Let $G$ be a LCA group and let $\Gamma$ be its dual group. Then the map
  \begin{align*}G\times \Gamma &\to S \\ 
(t,\gamma)&\mapsto \gamma(t)
\end{align*}
  is continuous.

In Rudin's Fourier analysis on groups, the author simply says that since the map  $(x,\gamma)\mapsto\hat{f}_x(\gamma)=\int_{G}f(t-x)\gamma(-t)dt$ is continuous (so in particular, $\gamma \mapsto \hat{f}(\gamma)$ is continuous), and the relation 
$$\hat{f}(\gamma)\gamma(x) =\hat{f}_x(\gamma)$$
holds, then($*$) $(x,\gamma)\mapsto \gamma(x)$ is continuous.

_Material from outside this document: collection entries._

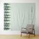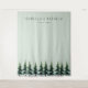Este cenário de casamento apresenta um design sereno e minimalista com um fundo verde pálido suave que cria uma atmosfera calmante. A seção inferior é adornada com árvores perenes estilizadas em tons variados de verde, adicionando um toque de natureza à composição. O texto personalizável no topo permite a personalização com nomes e datas, definido em uma fonte sans-serif moderna e limpa. O estilo geral é contemporâneo e elegante, perfeito para criar uma atmosfera tranquila e sofisticada no seu evento especial.
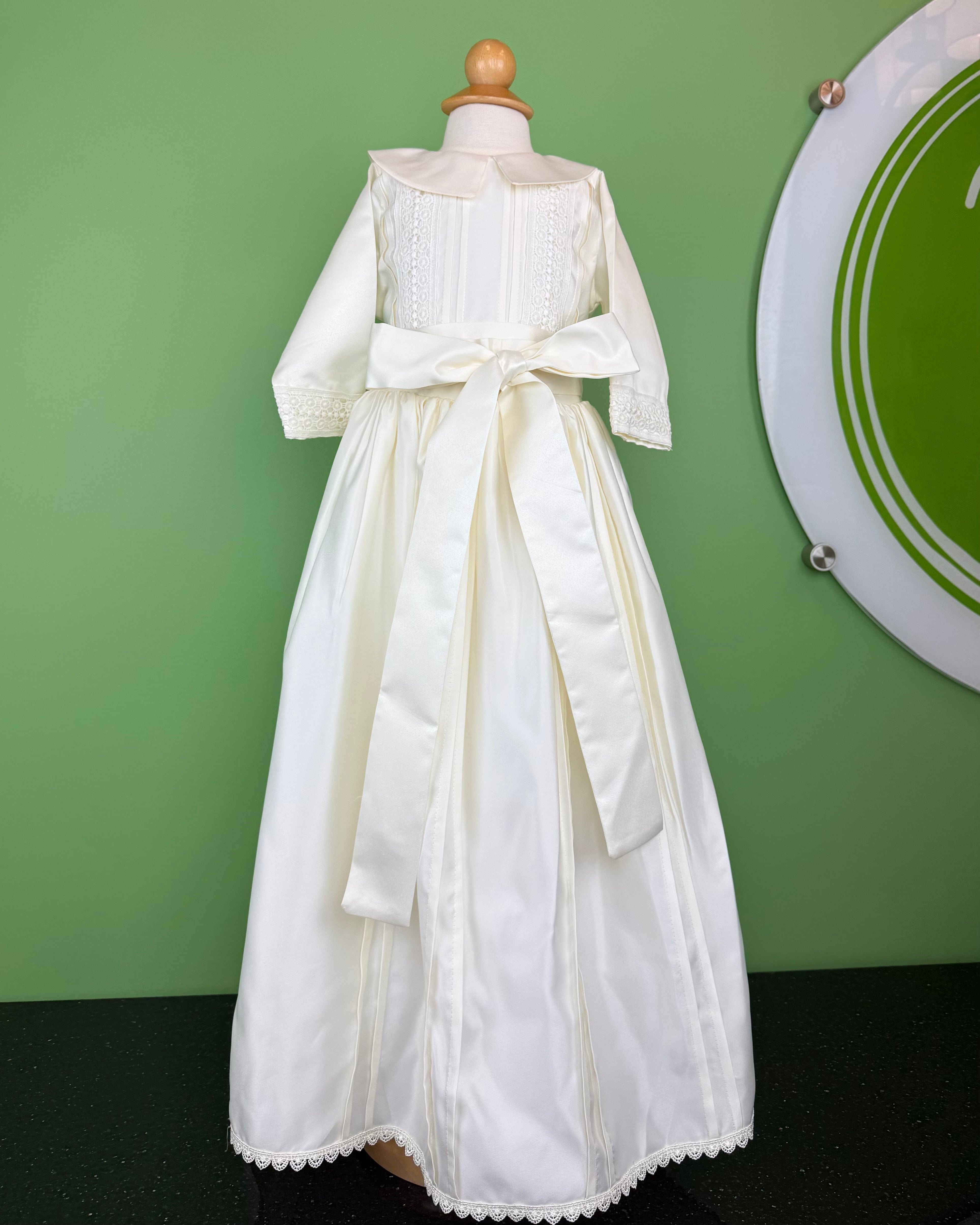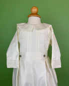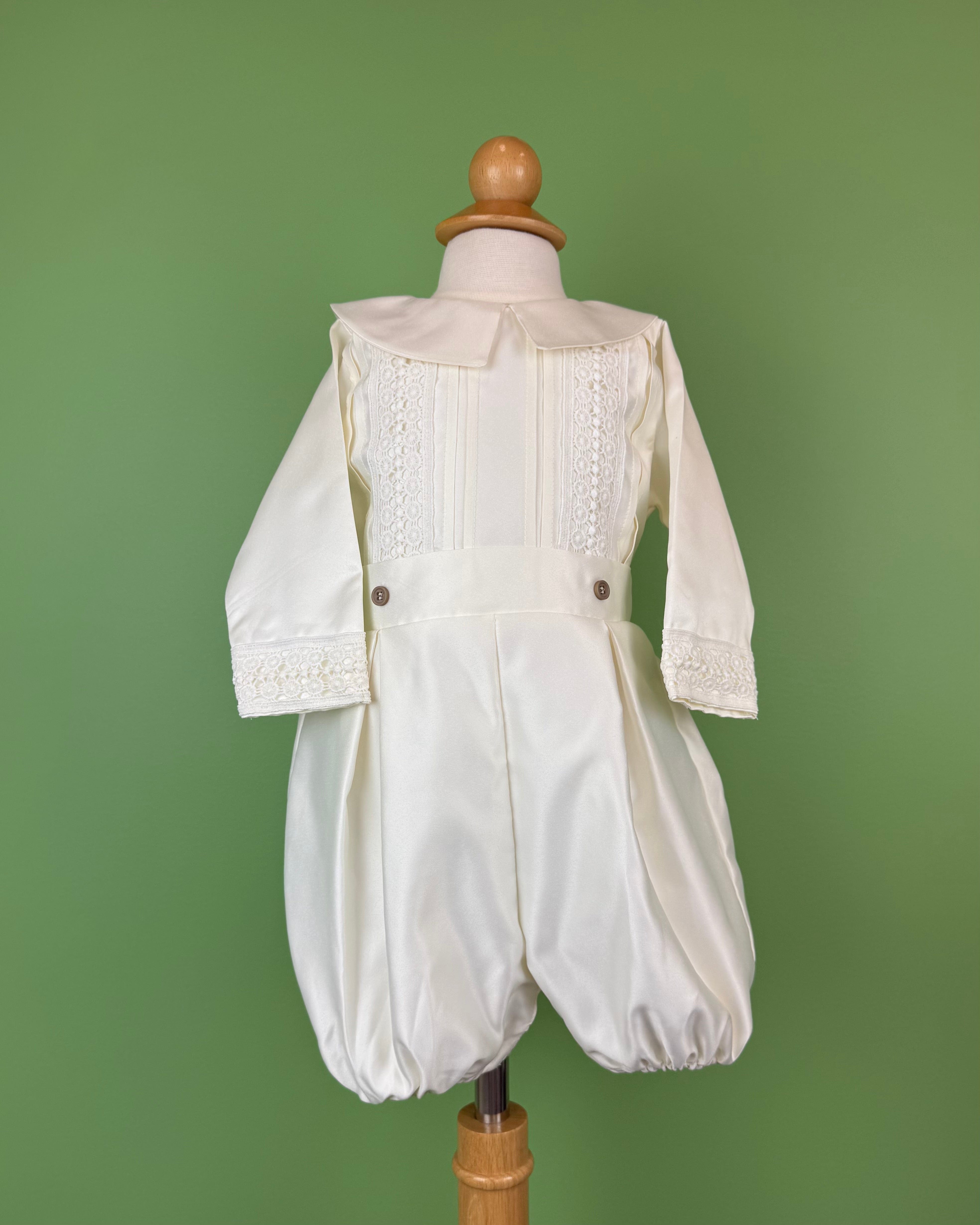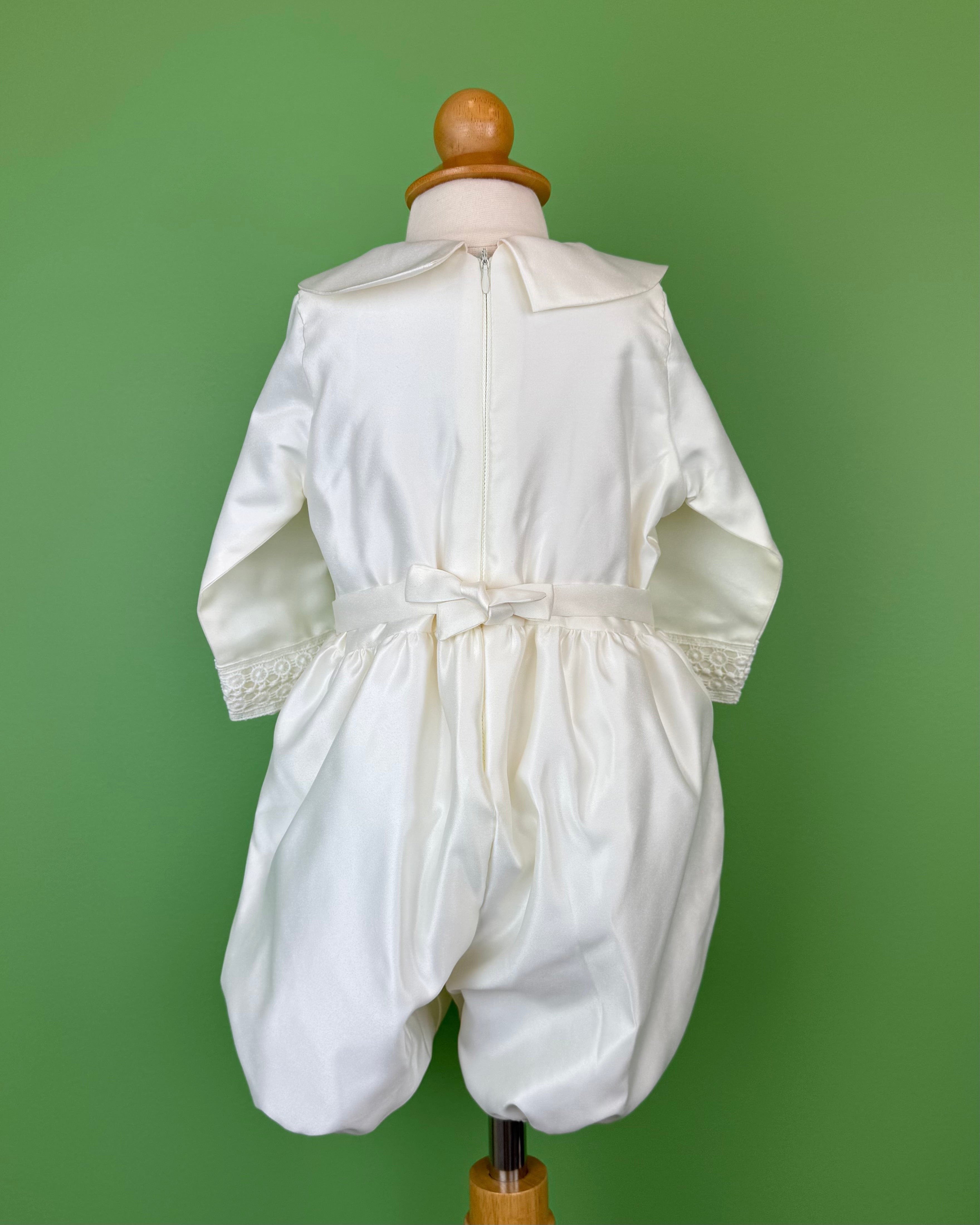 Tarifa is a unique christening gown that transforms into a romper, also it is a one size that will fit sizes 12 to 24 months. It is made with an ivory satin that is lightweight.
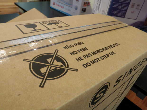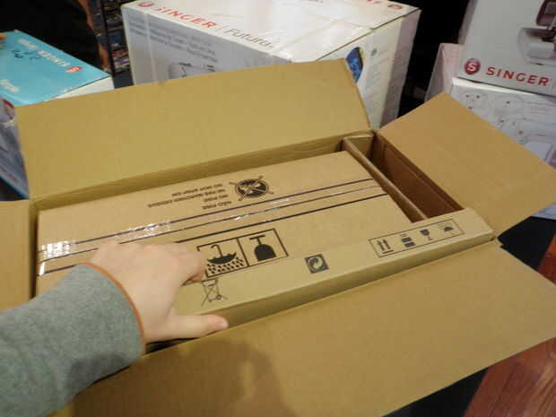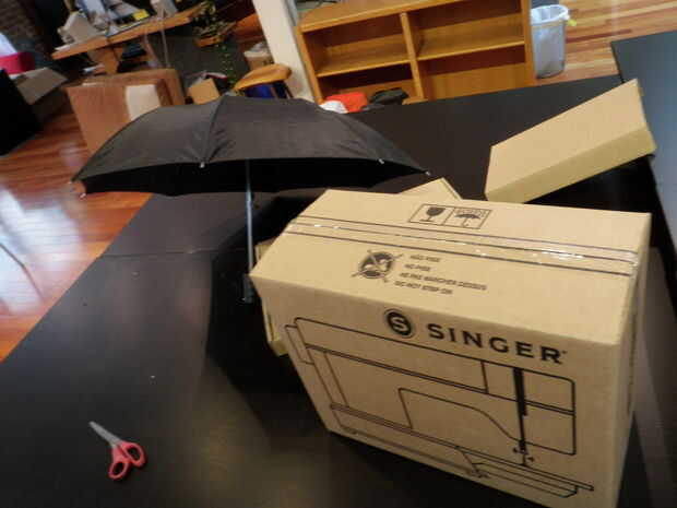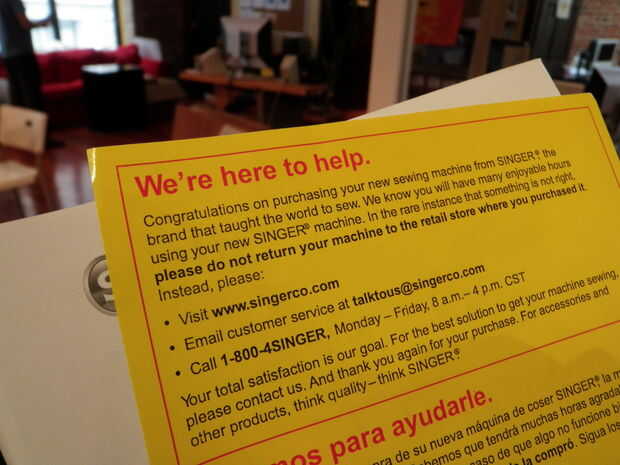 El sello del freno y siga todas las instrucciones en la caja. Este cuadro me dirigió para evitar caminar sobre la máquina de coser, consigue un paraguas y una copa de vino. Las dos primeras no fueron problema, pero me pareció un poco demasiado temprano en la mañana para el vino. En cambio, sustituyó el vino por un vaso de agua del grifo. Entonces reanudé mi trabajo.
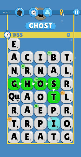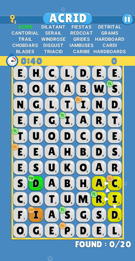 가상 활성화 빠르게 대각선을 포함한 모든 방향으로 문자를 연결하여 단어 철자를 고정 문자 타일 검색으로 당신의 두뇌. 동일한 문자 타일은 단어 당 한 번만 사용할 수 있지만 현재 터치하고있는 타일의 직접 이웃을 연결하기 위해 드래그 할 때 방향을 변경할 수 있습니다.

But I fail to understand the implication ($*$). In general, if $(a_n)$ and $(b_n)$ are two sequences of complex numbers such that $a_nb_n\to ab$ and $a_n\to a$, then I can deduce that either $b_n\to b$ or $a=0$. However I cannot rule out the possibility that $a=\hat{f}(\gamma)=0$, so how do I proceed? Perhaps it depends on the fact that $\hat{f}(\gamma)$ depends only on $\gamma$ and not on $x$?
I would be satisfied if I could only get an intuitive idea of why this is true.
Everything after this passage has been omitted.